Hi WiscWoody, unless you have tiered pricing (e.g. $0.xx/kWh for the first 200 kWh, and $0.yy/kWh for the next 500 kWh), your assumption on costs may not be correct. 

You probably have a service charge, which makes the first kWh you use basically cost what the service charge is.  Then, each kWh after that is at a "marginal" rate, likely close to $0.10/kWh, based on some of the math you showed above.  Your bill should show you the details on this. 

Realistically, what this means is that it makes even less economic sense than you thought it did....


----------



## WiscWoody (Apr 12, 2014)

I took the power used and divided it into the total amount paid. So the customer charge of $11.25 makes the small amount of power used pricey. The more I use makes the  KWh become cheaper but my bill still goes up. Here is a shot of the numbers used.


----------



## DBoon (Apr 13, 2014)

Looks like 249 kWh for $30.88, and maybe a little more depending on the other charges.  This is the variable cost per kWh ($30.88/249).  The fixed cost is what you pay regardless of usage.  You should use the variable cost for rate of return calculation purposes.


----------



## Highbeam (Apr 16, 2014)

I didn't choose to swap to LED for cost savings. It's because of the superior technology that instantly turns on at full brightness. In addition, the LEDs are supposed to last much longer but that has yet to be seen. The instant on, regardless of temperature, is awesome.


----------



## WiscWoody (Apr 16, 2014)

Sometimes when I hear a complaint about CFLs compared to incandescents I think of how spoiled we've become since people lit their homes with oil lamps.


----------



## Grisu (Apr 16, 2014)

WiscWoody said:


> Sometimes when I hear a complaint about CFLs compared to incandescents I think of how spoiled we've become since people lit their homes with oil lamps.
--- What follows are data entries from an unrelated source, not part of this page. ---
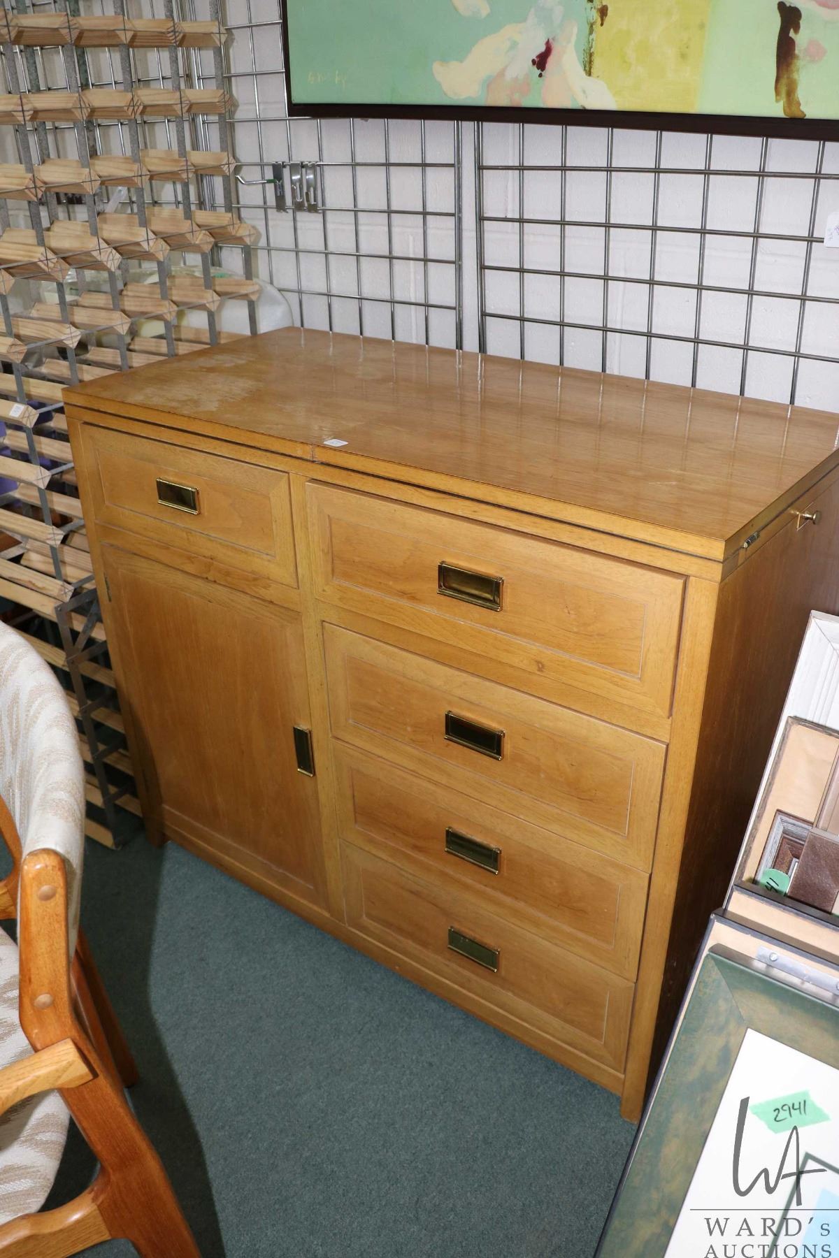 Semi contemporary dining room server with fold over, heat protected top, made by Thomasville, 34" H X 40" W X 19" D
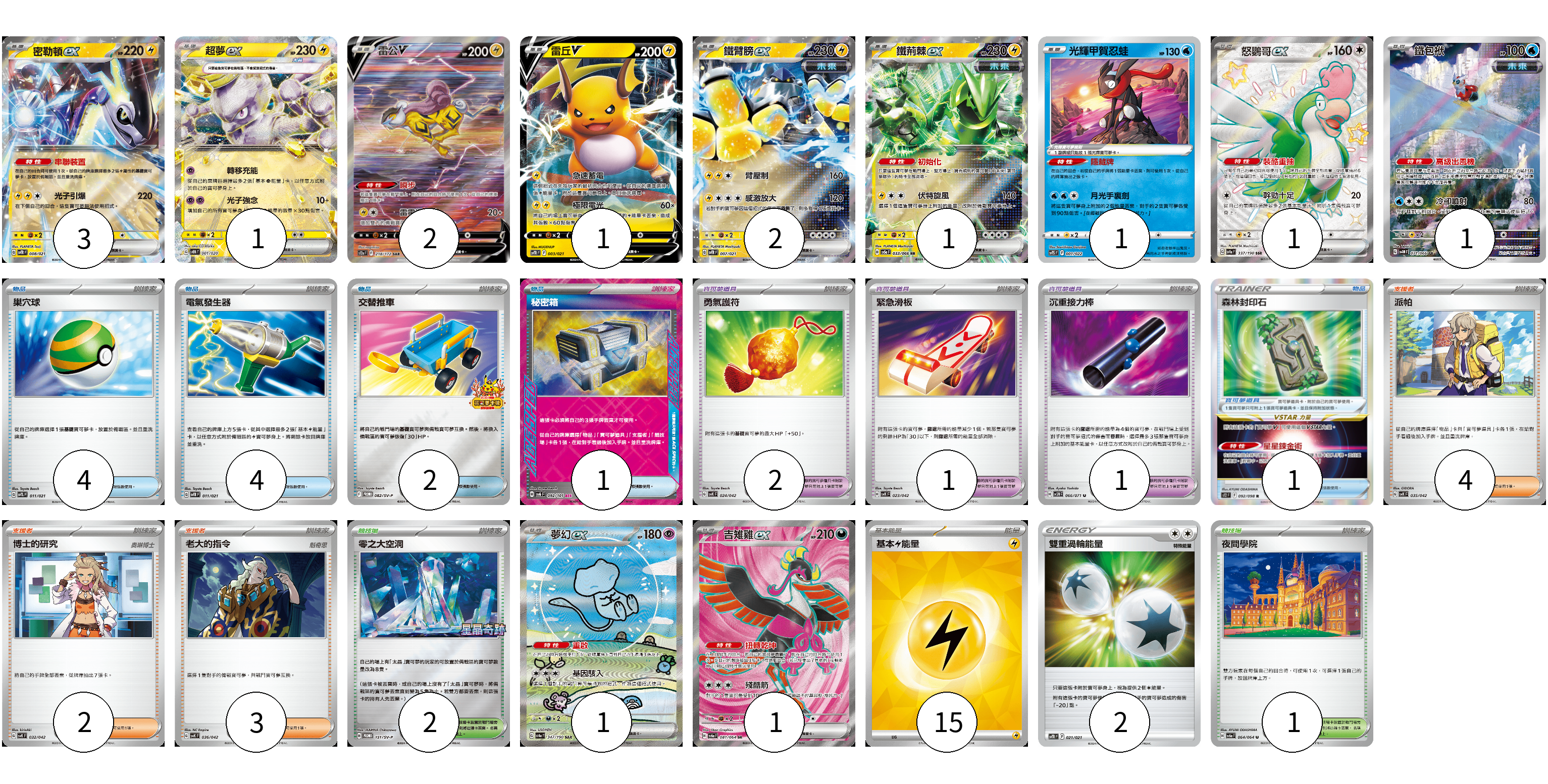 牌組構築方案 以此牌組為基礎新構築牌組 顯示卡面 顯示列表 寶可夢卡(15) 3 1 2 1 2 1 1 1 1 1 1 寶可夢道具(5) 2 1 1 1 物品卡(11) 4 4 2 1 支援者卡(9) 4 2 3 競技場卡(3) 2 1 能量卡(17) 15 2 寶可夢卡(15) 卡牌名稱 張數 卡牌名稱 張數 密勒頓ex SVTR 008/021 03 超夢ex SVEM 001/020 01 雷公V S12a 218/172 02 雷丘V SVTR 003/021 01 鐵臂膀ex SVTR 007/021 02 鐵荊棘ex SV5a 033/066 01 光輝甲賀忍蛙 SVTS 001/022 01 怒鸚哥ex SV4a 337/190 01 鐵包袱 SV4M 071/066 01 夢幻ex SV4a 347/190 01 吉雉雞ex SV6a 081/064 01 寶可夢道具(5) 卡牌名稱 張數 卡牌名稱 張數 勇氣護符 SVK 024/042 02 緊急滑板 SVK 023/042 01 沉重接力棒 SV5M 066/071 01 森林封印石 S12 092/098 01 物品卡(11) 卡牌名稱 張數 卡牌名稱 張數 巢穴球 SVTL 011/021 04 電氣發生器 SVTR 011/021 04 交替推車 SV-P 082/SV-P 02 秘密箱 SV6 092/101 01 支援者卡(9) 卡牌名稱 張數 卡牌名稱 張數 派帕 SVK 035/042 04 博士的研究 SVK 032/042 02 老大的指令 SVK 036/042 03 競技場卡(3) 卡牌名稱 張數 卡牌名稱 張數 零之大空洞 SV-P 151/SV-P 02 夜間學院 SV6a 064/064 01 能量卡(17) 卡牌名稱 張數 卡牌名稱 張數 基本【雷】能量 SVK LIG 15 雙重渦輪能量 SVTR 021/021 02 以此牌組為基礎新構築牌組 牌組編碼 VHDgdU-qNZRLv-EPKDVT copy 列印牌組單 牌組編碼已複製 分享至SNS
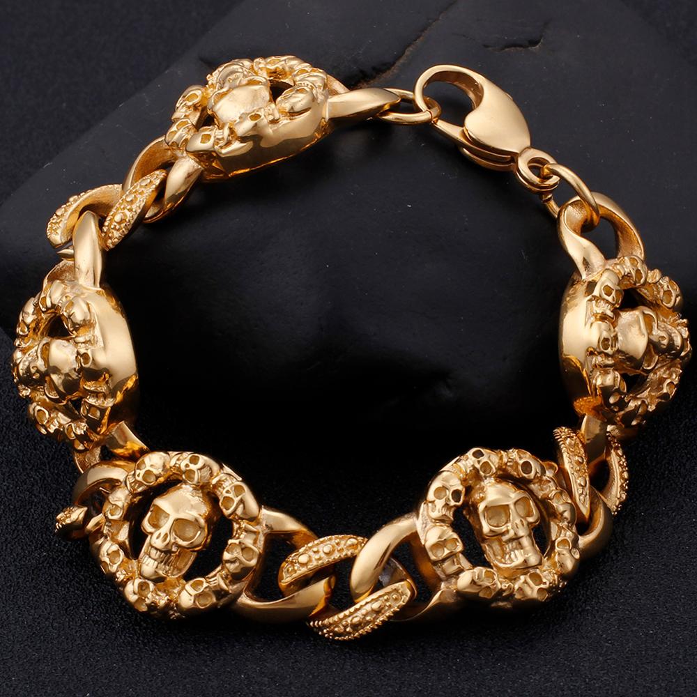 Pulsera Steampunk para hombre, estilo gótico, con calavera, accesorios de joyería para hombre, pulsera de acero inoxidable para Halloween.
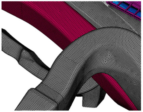 Figure 1 shows a 3D computational domain model of a truck cabin consisting of the truck cabin body, front windshield, side windshield, and defrosting duct. Defrosting area A represents the defrosting area in front of the driver, and defrosting area B represents the total defrosting area of the windshield. The inner surface of the windshield and defrosting duct were peeled off to form a closed computing area with the vehicle body. Figure 2 shows the geometric model of the defrosting duct. The simplified geometric model was also meshed to generate 2D and 3D volumetric meshes in the computational domain. Figure 3 shows the local meshes of the defrosting duct surface.
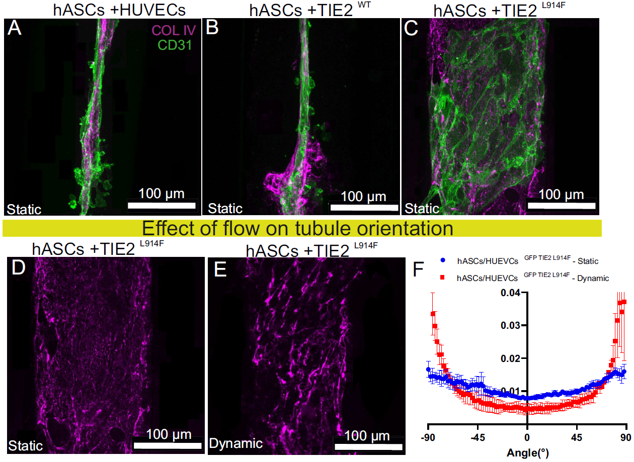 图3. A, B和C)分别显示了hASCs与正常、TIE2WT和TIE2L914F HUVECs共培养的管状形成。D, E)分别显示了静态和动态模式下的COL IV沉积。F)显示了流动对静态和动态模式下管状结构取向的影响。

Just compare with the things people in other countries need to come up with even today: http://www.nydailynews.com/news/wor...ht-bulb-water-bleach-bottle-article-1.1427011


----------



## begreen (Apr 16, 2014)

WiscWoody said:


> Sometimes when I hear a complaint about CFLs compared to incandescents I think of how spoiled we've become since people lit their homes with oil lamps.



A lot of whales are very happy for that change.


----------